Extended Data Fig. 6 Identification of potential regulatory areas of brain states and distribution of GFP-labelled neurons after injection of rAAV2-retro into the claustrum.

a, Left, schematic of the Pogona brain in sagittal view, showing the regions defined by immunohistochemistry, in situ hybridization and retrograde tracing. Numbers 1–7 indicate the levels of the transverse sections that are shown on the right. Right (panels 1–7), micrographs and corresponding schematic representations of relevant areas (in red), identified by immunohistochemistry, in situ hybridization and Nissl staining. Scale bars, 500 μm. Far right of panels 1–7, magnified views of area(s) delineated as box(es) in the corresponding photomicrographs. Scale bars, 100 μm. b, Identification of rAAV2-retro injection sites. Scale bars, 500 μm. The red channel is not shown in the rightmost image. c, Illustrative examples of retrograde labelling of claustrum connectivity, in transverse sections. Panels 1, 2, inputs to claustrum revealed by rAAV2-retro injection in the claustrum. Panel 1, injection site in lateral claustrum. The claustrum is indicated by anti-hippocalcin immunostain (pink). Note retro-labelled cells in the anterior dorsal cortex (box, magnified at right). Panel 2, same brain as in 1, but a more posterior section. The labelled region in the box is the dorsal lateral amygdala. Panels 3–12, representative images illustrating the distribution of GFP-labelled neurons in the DLPT, DLT, DMT, prethalamus, SUM, mammillary nucleus (MN), TMN, VTA, SN, PAG, LoC and SC, with projections to the claustrum. Abbreviations as in Fig. 3. The catecholaminergic neuron marker tyrosine hydroxylase (TH) was used to indicate the location of the VTA, SN and LoC. Scale bars, 500 μm. Scale bars for magnified areas: DLPT, DLT, DMT, prethalamus, SUM, MN, TMN, VTA, LoC, 50 μm; SN, PAG, SC, 100 μm.

Extended Data Fig. 7 The claustrum of lizard and turtle differ in position and architectonics, but are both autonomous sources of SWRs.
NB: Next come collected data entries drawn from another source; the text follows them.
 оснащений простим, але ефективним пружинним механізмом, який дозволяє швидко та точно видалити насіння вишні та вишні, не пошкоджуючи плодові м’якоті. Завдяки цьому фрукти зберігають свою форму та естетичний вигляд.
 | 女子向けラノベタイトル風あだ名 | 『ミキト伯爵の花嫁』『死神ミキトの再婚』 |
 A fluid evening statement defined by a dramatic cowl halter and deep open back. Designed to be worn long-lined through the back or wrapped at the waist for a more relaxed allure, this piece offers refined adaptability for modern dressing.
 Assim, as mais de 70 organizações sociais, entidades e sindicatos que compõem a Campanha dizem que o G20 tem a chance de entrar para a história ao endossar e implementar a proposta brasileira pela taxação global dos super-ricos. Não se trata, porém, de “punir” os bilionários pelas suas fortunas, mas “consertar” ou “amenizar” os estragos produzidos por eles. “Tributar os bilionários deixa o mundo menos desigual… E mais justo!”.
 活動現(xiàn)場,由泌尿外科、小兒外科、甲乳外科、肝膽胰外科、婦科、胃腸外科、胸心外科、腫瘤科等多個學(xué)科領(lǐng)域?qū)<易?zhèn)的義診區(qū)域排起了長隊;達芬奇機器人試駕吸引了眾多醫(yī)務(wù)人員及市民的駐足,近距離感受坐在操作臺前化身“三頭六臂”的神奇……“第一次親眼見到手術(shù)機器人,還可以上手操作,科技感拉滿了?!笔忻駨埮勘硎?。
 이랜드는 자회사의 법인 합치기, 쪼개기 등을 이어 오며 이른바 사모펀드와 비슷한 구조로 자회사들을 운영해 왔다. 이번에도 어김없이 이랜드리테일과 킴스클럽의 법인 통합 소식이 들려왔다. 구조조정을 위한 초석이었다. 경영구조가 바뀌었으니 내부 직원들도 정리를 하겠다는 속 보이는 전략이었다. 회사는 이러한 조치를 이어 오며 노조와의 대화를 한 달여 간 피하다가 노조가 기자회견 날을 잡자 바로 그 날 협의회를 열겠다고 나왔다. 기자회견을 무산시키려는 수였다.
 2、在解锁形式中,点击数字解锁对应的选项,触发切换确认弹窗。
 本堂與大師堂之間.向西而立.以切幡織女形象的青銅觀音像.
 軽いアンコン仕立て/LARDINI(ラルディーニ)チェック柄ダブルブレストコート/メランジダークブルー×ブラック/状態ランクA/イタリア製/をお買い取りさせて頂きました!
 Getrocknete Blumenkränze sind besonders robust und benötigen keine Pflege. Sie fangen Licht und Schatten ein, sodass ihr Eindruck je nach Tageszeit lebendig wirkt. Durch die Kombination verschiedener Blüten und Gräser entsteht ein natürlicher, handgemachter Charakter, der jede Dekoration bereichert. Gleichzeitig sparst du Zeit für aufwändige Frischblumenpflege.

a, Transcriptomic similarity between turtle and lizard clusters, measured as the fraction of single cells that mapped from the turtle pallium dataset to the Pogona clusters (Methods). Note that the turtle cell clusters e03–e06 (pallial thickening; PT) map to the lizard cluster 19 (amDVR or claustrum). Turtle data and clusters are from a previous study11. b, In situ hybridization in an anterior transverse section, showing expression of the pallial thickening marker gene crhbp. Scale bar, 500 μm. c, Architectonics of the lizard claustrum. Right, retrograde labelling of claustrum neurons by rAAV2-retro injected into the aDVR. Left, magnification of the boxed area on the right (in the claustrum). Note the disordered distribution of multipolar neurons. Pink colour shows anti-hippocalcin immunostaining. Scale bars, 100 μm (left); 500 μm (right). d, Architectonics of the turtle claustrum. Right, retrograde labelling of claustrum neurons by rAAV2-retro injected into the dorso-medial cortex. Left, magnification of the boxed area on the right. Note the arrangement of bipolar neurons within the pallial thickening layer (see also b for layering of pallial thickening). Scale bars, 100 μm (left); 500 μm (right). e, Spontaneous sharp waves recorded simultaneously in the claustrum and the DVR in turtle slice preparation. The red dots in the schematic indicate recording sites. Note sharp wave (LFP) and ripple in the high-pass (HP) band. f, Bottom, 295 successive spontaneous ripples (high-pass signal intensity (HPI) > 70 Hz) aligned on the trough of each sharp wave. Top, average of 295 sharp waves aligned on waveform troughs. Grey shading represents s.d. g, Representative cross-correlogram of LFP traces recorded simultaneously from the claustrum and the DVR (with claustrum as reference), showing the sharp waves from the DVR trailing those from the claustrum.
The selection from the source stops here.